::: Records for processing
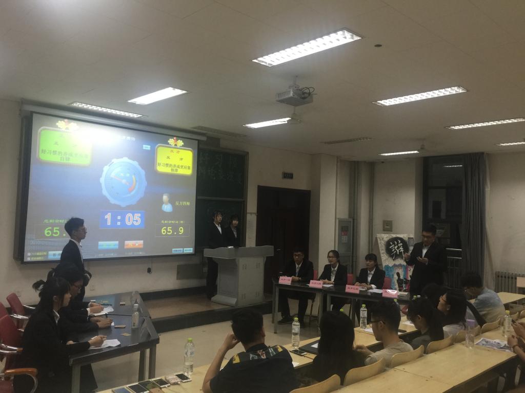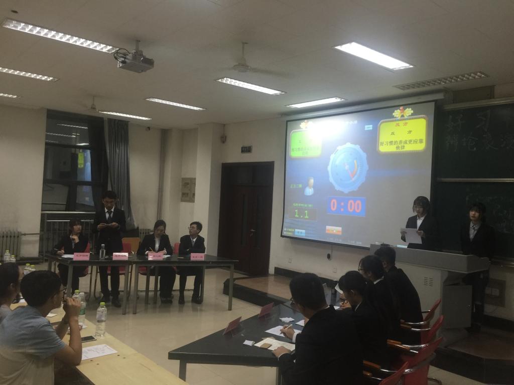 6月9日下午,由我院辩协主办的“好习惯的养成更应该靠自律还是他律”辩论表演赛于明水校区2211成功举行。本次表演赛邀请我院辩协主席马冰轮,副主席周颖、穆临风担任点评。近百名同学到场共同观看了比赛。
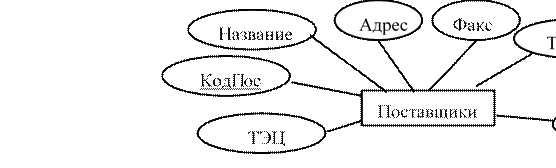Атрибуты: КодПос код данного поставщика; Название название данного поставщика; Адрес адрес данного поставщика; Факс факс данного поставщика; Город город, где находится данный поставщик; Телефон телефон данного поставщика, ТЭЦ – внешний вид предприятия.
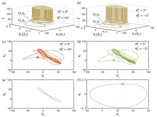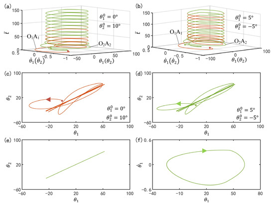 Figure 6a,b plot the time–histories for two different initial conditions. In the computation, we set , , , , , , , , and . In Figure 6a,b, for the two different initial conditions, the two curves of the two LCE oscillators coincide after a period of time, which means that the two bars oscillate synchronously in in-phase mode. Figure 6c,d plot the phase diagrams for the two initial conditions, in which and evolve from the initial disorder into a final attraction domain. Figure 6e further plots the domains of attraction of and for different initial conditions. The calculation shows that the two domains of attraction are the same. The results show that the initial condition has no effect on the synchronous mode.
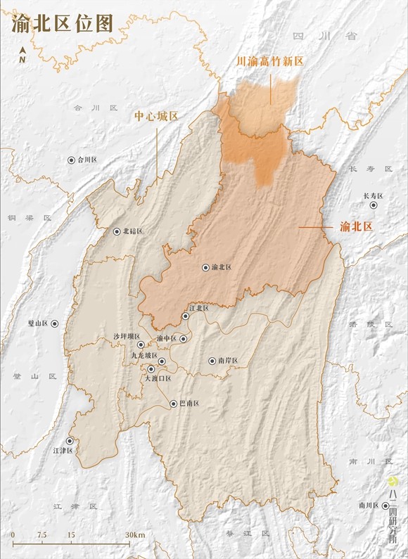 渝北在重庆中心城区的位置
::::::
::: Records for processing
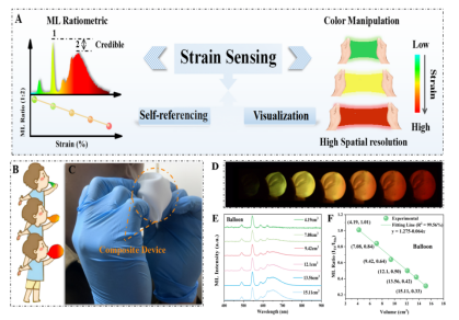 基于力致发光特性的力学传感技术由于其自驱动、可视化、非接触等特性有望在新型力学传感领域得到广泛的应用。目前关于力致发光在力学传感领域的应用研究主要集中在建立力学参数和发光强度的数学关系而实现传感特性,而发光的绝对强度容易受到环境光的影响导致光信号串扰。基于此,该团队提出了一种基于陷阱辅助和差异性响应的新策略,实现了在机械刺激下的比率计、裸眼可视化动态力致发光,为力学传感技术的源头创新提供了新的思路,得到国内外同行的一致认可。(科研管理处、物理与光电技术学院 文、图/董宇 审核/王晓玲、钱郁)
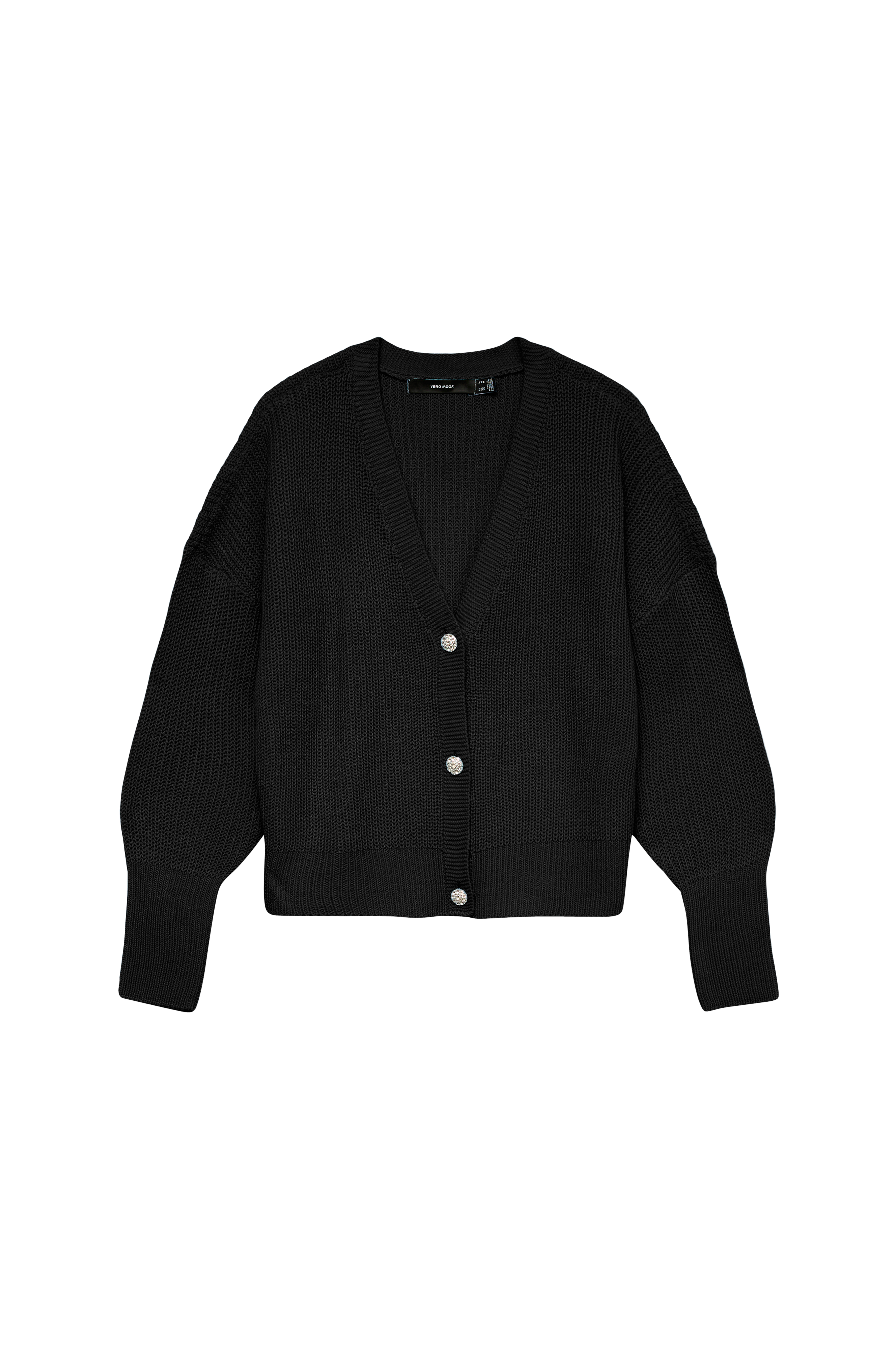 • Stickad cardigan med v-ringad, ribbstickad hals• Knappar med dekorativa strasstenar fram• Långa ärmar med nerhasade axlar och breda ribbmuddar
::::::
::: Records for processing
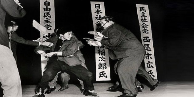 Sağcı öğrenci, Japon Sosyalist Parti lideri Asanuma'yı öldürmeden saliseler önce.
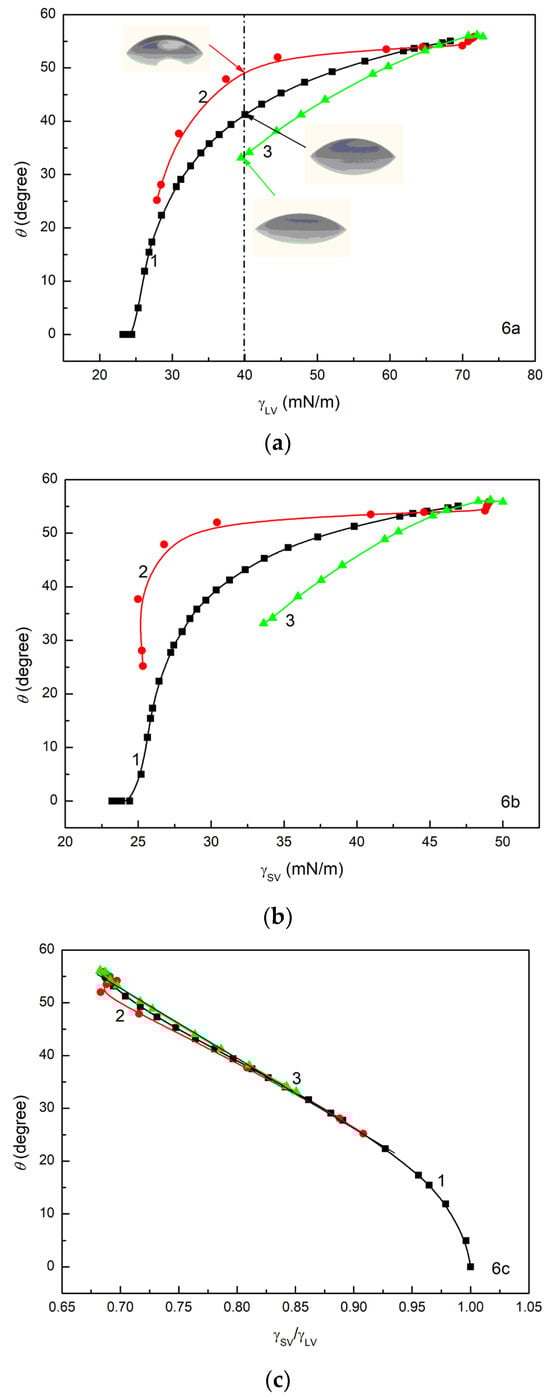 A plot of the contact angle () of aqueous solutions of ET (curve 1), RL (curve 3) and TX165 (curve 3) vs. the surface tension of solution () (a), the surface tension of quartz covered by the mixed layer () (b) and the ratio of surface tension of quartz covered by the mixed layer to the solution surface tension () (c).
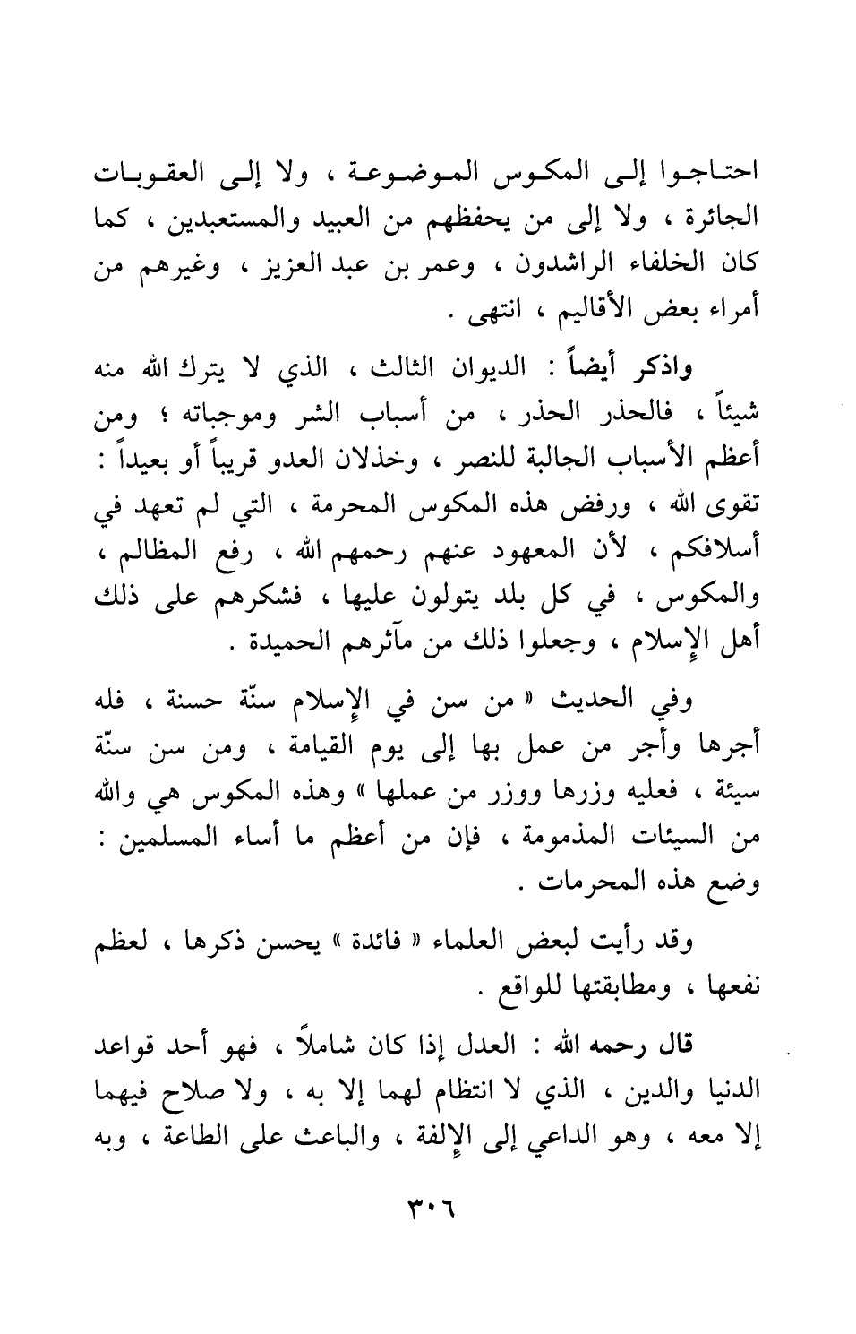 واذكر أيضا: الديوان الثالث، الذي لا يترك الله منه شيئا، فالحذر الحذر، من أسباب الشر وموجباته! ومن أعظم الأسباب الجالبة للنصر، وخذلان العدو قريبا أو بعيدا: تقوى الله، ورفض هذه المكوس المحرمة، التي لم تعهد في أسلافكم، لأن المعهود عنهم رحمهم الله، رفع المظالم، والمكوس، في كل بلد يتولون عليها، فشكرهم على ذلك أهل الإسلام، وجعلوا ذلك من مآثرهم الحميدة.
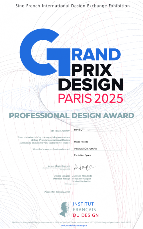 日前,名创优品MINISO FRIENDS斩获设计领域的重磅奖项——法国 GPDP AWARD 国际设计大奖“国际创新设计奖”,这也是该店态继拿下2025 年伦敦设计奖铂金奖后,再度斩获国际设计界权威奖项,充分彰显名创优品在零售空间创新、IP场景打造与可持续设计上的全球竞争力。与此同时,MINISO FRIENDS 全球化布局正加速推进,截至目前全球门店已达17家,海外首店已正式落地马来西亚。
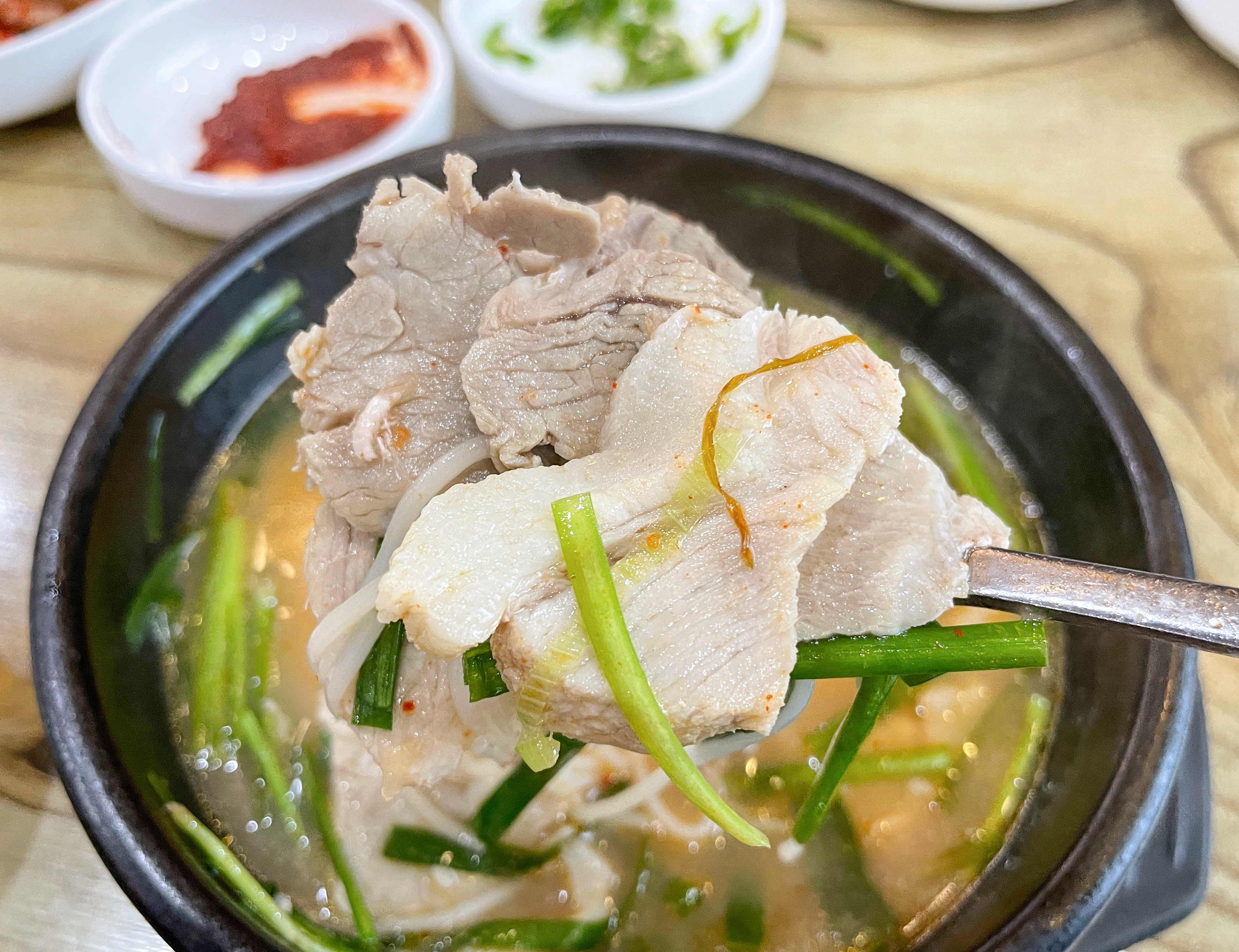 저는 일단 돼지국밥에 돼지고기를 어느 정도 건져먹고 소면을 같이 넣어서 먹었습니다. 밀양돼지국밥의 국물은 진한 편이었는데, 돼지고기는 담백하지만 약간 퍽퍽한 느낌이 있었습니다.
::::::
About this task: Pictures excluded, give again exactly and only the lines of the material above from the line with "6月9日下午,由我院辩协主办" through the line with "Атрибуты: КодПос код".

Solved problem:
 6月9日下午,由我院辩协主办的“好习惯的养成更应该靠自律还是他律”辩论表演赛于明水校区2211成功举行。本次表演赛邀请我院辩协主席马冰轮,副主席周颖、穆临风担任点评。近百名同学到场共同观看了比赛。
Атрибуты: КодПос код данного поставщика; Название название данного поставщика; Адрес адрес данного поставщика; Факс факс данного поставщика; Город город, где находится данный поставщик; Телефон телефон данного поставщика, ТЭЦ – внешний вид предприятия.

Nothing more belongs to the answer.